■ **PROVIDED RECORDS**:
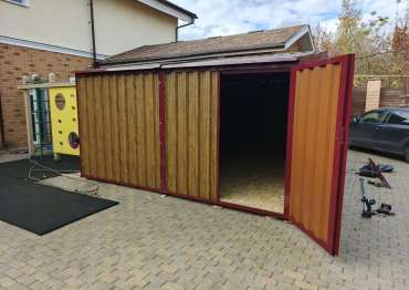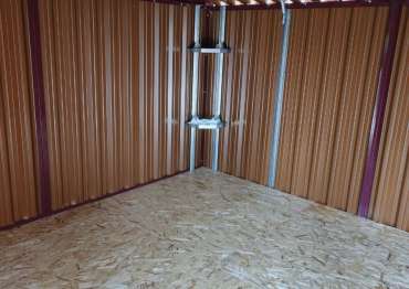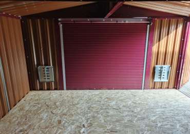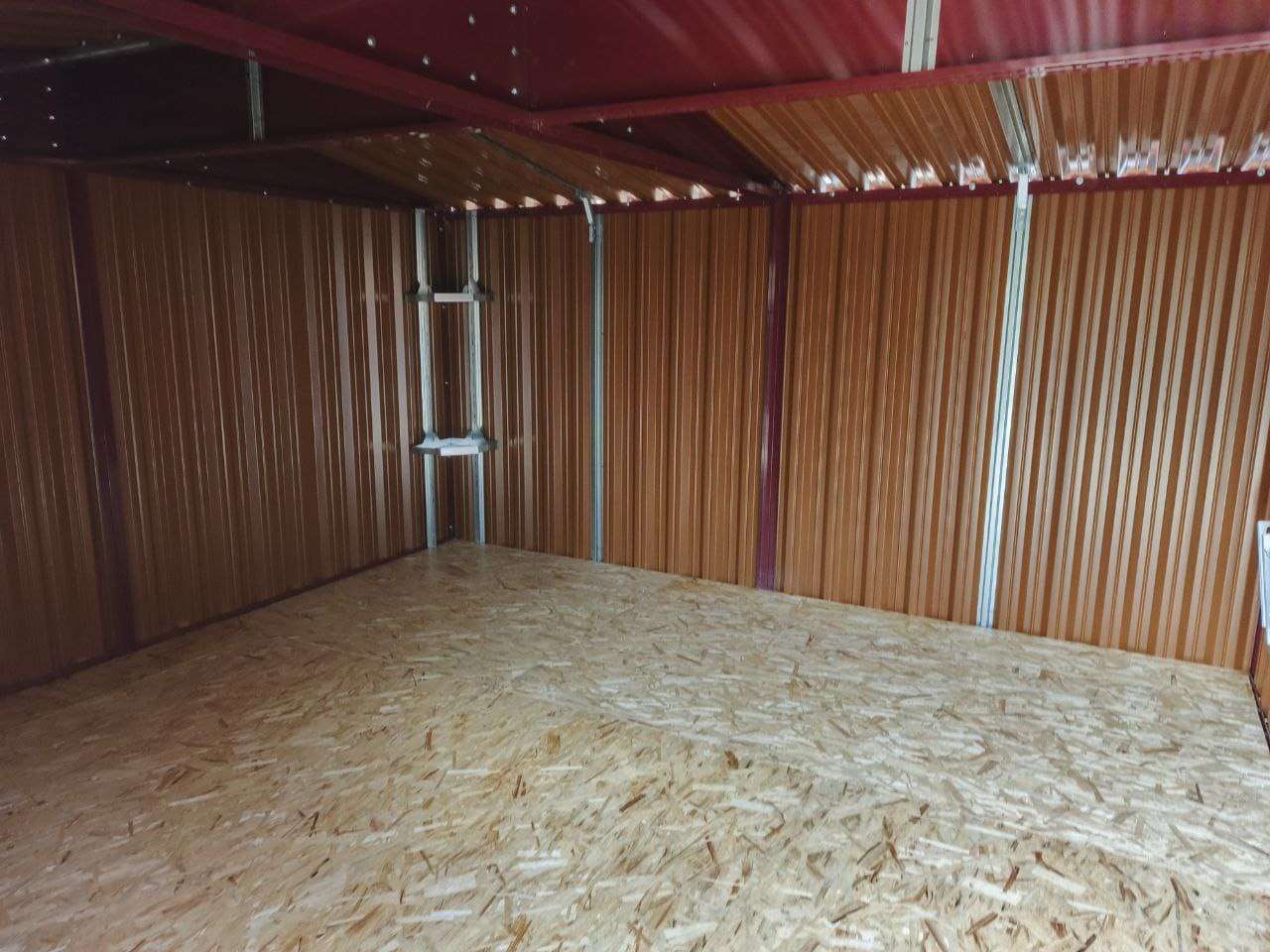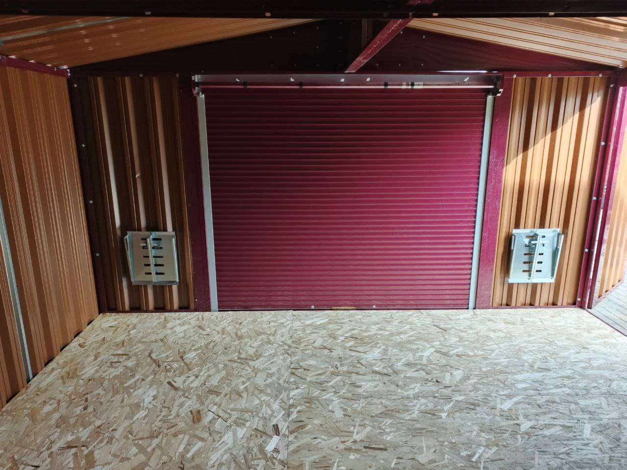 Дополнительно гараж оборудован двумя угловыми стеллажами, пандусами и дополнительной входной дверью по боковой стороне.
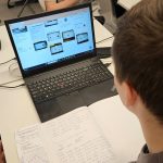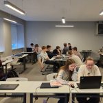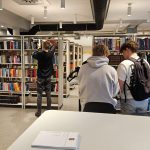 Desmitās klases skolēni matemātikas stundā veic pētījumu bibliotēkā
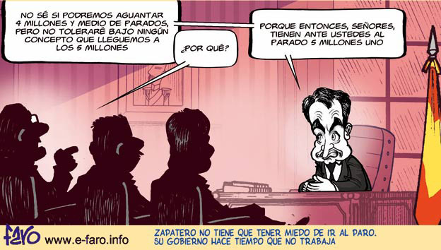 Y para finalizar, para Zapatero el problema del paro es simplemente una “cuestión de limosnas”, sin pararse a pensar que los parados no queremos que nos den una limosna, queremos un trabajo acorde a nuestras capacidades, pero para eso señor Zapatero hay que crear industria, no destruirla subiendo IVAs e impuestos.
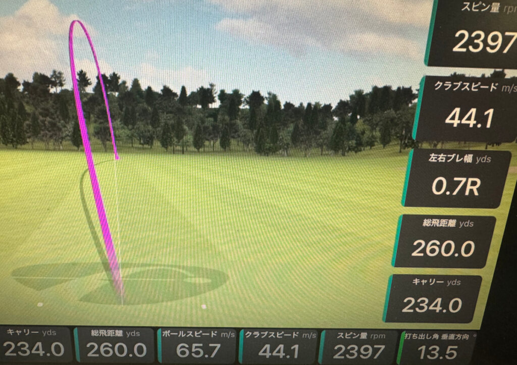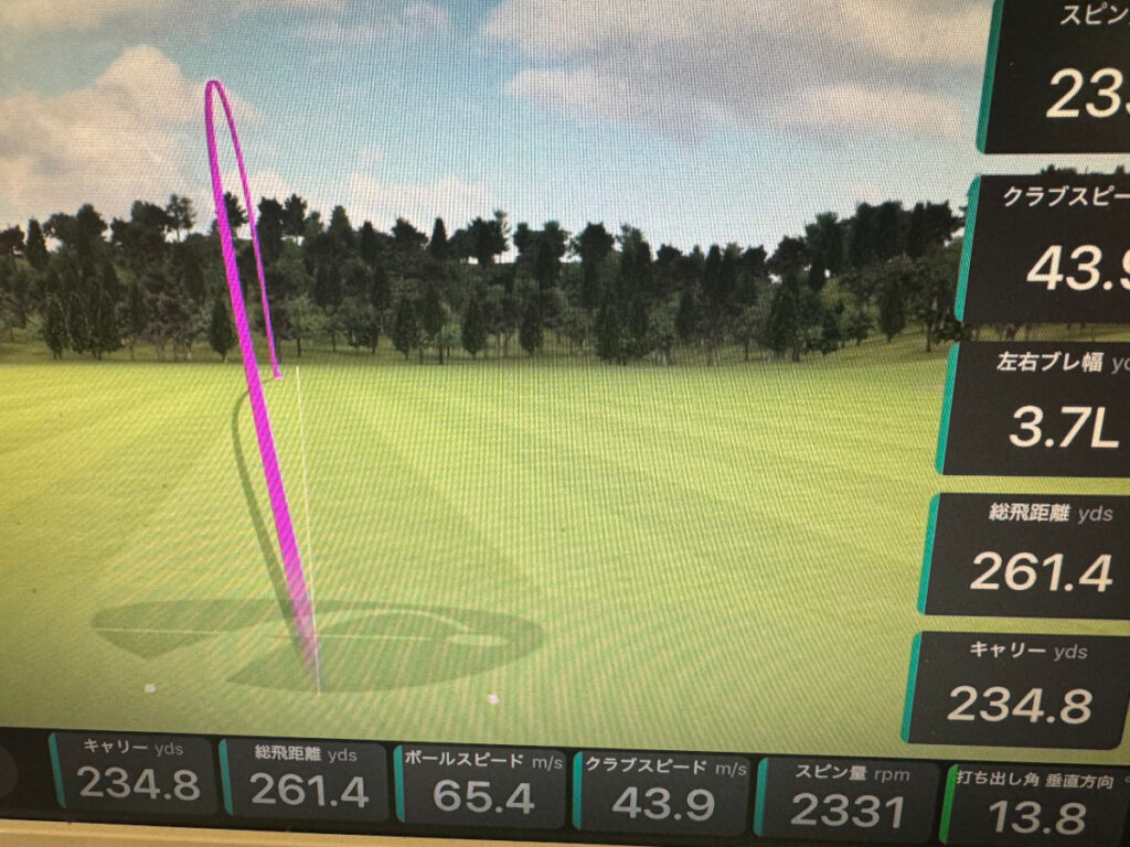 飛距離も打ち出し角もそれほど変わらない感じですね。ボールスピードはやはり慣れていないせいか少し低いような気がします。クラブスピードも出ていないですね。慣れたら早くなりそうな予感はあります。
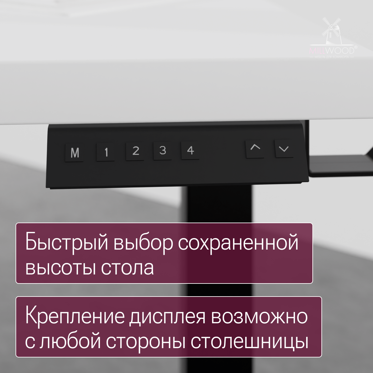 ◾ Подъёмный механизм стола работает от простого нажатия кнопки и поднимается со скоростью 20 мм/с, что позволяет легко менять положение стола. Стол имеет четыре кнопки памяти, позволяющие сохранить нужную высоту. Одним нажатием вы сможете установить стол на заданный уровень.
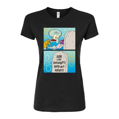 SpongeBob SquarePants - Squidward Bah Humbug - Juniors Cropped Cotton Blend T-Shirt - Dive into the fun of Bikini Bottom with SpongeBob SquarePants graphic apparel! Featuring colorful designs of SpongeBob, Patrick, Squidward, Sandy, and more, this collection brings the show's quirky humor and unforgettable moments to life. Perfect for fans of all ages, these pieces add a splash of personality to any wardrobe.
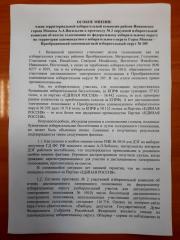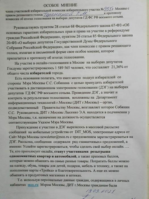 Слелдует отметить, что при подведении итогов голосования по всей вертикали избирательных комиссий подавались особые мнения членов избиркомов с указанием фактов фальсификаций и нарушений законодательства в 205 Преображенском одномандатном округе. Вот пример особого мнения члена избиркома на УИК-955 Т.Н.Трениной.
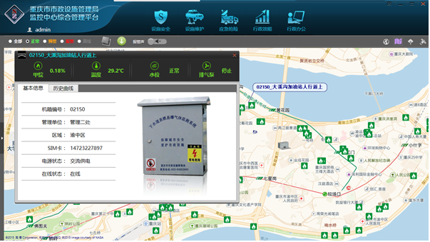 | 重慶市市政綜合管理平臺建立后,已初步對設(shè)施及下屬設(shè)備實(shí)現(xiàn)信息化管理,建立系統(tǒng)如下: 1. 下水道易燃易爆氣體監(jiān)測系統(tǒng),對383處監(jiān)控點(diǎn)進(jìn)行了甲烷濃度、液位狀態(tài)等數(shù)據(jù)實(shí)時(shí)監(jiān)測; |
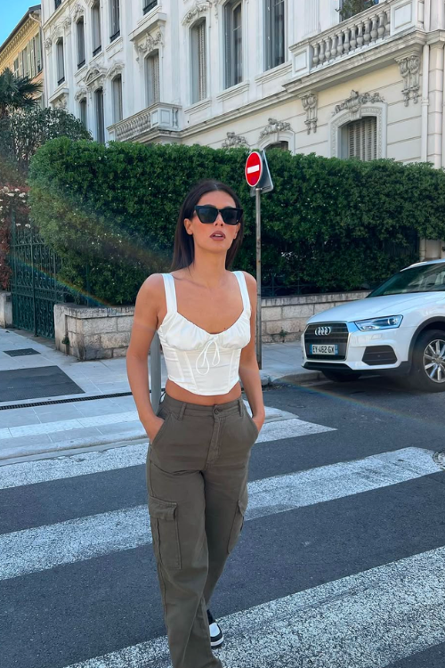 A corset top styled with loose cargo pants creates a mix of feminine and edgy style. The structured top contrasts with the relaxed fit of the cargos. This outfit works well for exploring different spots around the city.
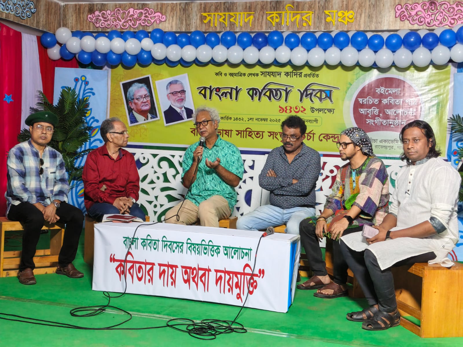 অধ্যাপক অসীম বিভাকরের সঞ্চালনায় অনুষ্ঠিত হয় ‘কবিতার দায় অথবা দায়মুক্তি’ শীর্ষক আলোচনা সভা। এতে বক্তব্য রাখেন সংস্কৃতিজন লিয়াকত চৌধুরী, লেখক ও রসায়নবিদ সাঈদ চৌধুরী, কবি আহাম্মাদুল কবির ও কবি পথিক রানা।

■ **EXERCISE DETAILS**:
When you reach the line holding "Desmitās klases skolēni" in the listing above, begin retyping exactly, and stop once the line holding "Слелдует отметить, что" is done; pictures stay out.

■ **WRITTEN RESPONSE**:
 Desmitās klases skolēni matemātikas stundā veic pētījumu bibliotēkā
 Y para finalizar, para Zapatero el problema del paro es simplemente una “cuestión de limosnas”, sin pararse a pensar que los parados no queremos que nos den una limosna, queremos un trabajo acorde a nuestras capacidades, pero para eso señor Zapatero hay que crear industria, no destruirla subiendo IVAs e impuestos.
 飛距離も打ち出し角もそれほど変わらない感じですね。ボールスピードはやはり慣れていないせいか少し低いような気がします。クラブスピードも出ていないですね。慣れたら早くなりそうな予感はあります。
 ◾ Подъёмный механизм стола работает от простого нажатия кнопки и поднимается со скоростью 20 мм/с, что позволяет легко менять положение стола. Стол имеет четыре кнопки памяти, позволяющие сохранить нужную высоту. Одним нажатием вы сможете установить стол на заданный уровень.
 SpongeBob SquarePants - Squidward Bah Humbug - Juniors Cropped Cotton Blend T-Shirt - Dive into the fun of Bikini Bottom with SpongeBob SquarePants graphic apparel! Featuring colorful designs of SpongeBob, Patrick, Squidward, Sandy, and more, this collection brings the show's quirky humor and unforgettable moments to life. Perfect for fans of all ages, these pieces add a splash of personality to any wardrobe.
 Слелдует отметить, что при подведении итогов голосования по всей вертикали избирательных комиссий подавались особые мнения членов избиркомов с указанием фактов фальсификаций и нарушений законодательства в 205 Преображенском одномандатном округе. Вот пример особого мнения члена избиркома на УИК-955 Т.Н.Трениной.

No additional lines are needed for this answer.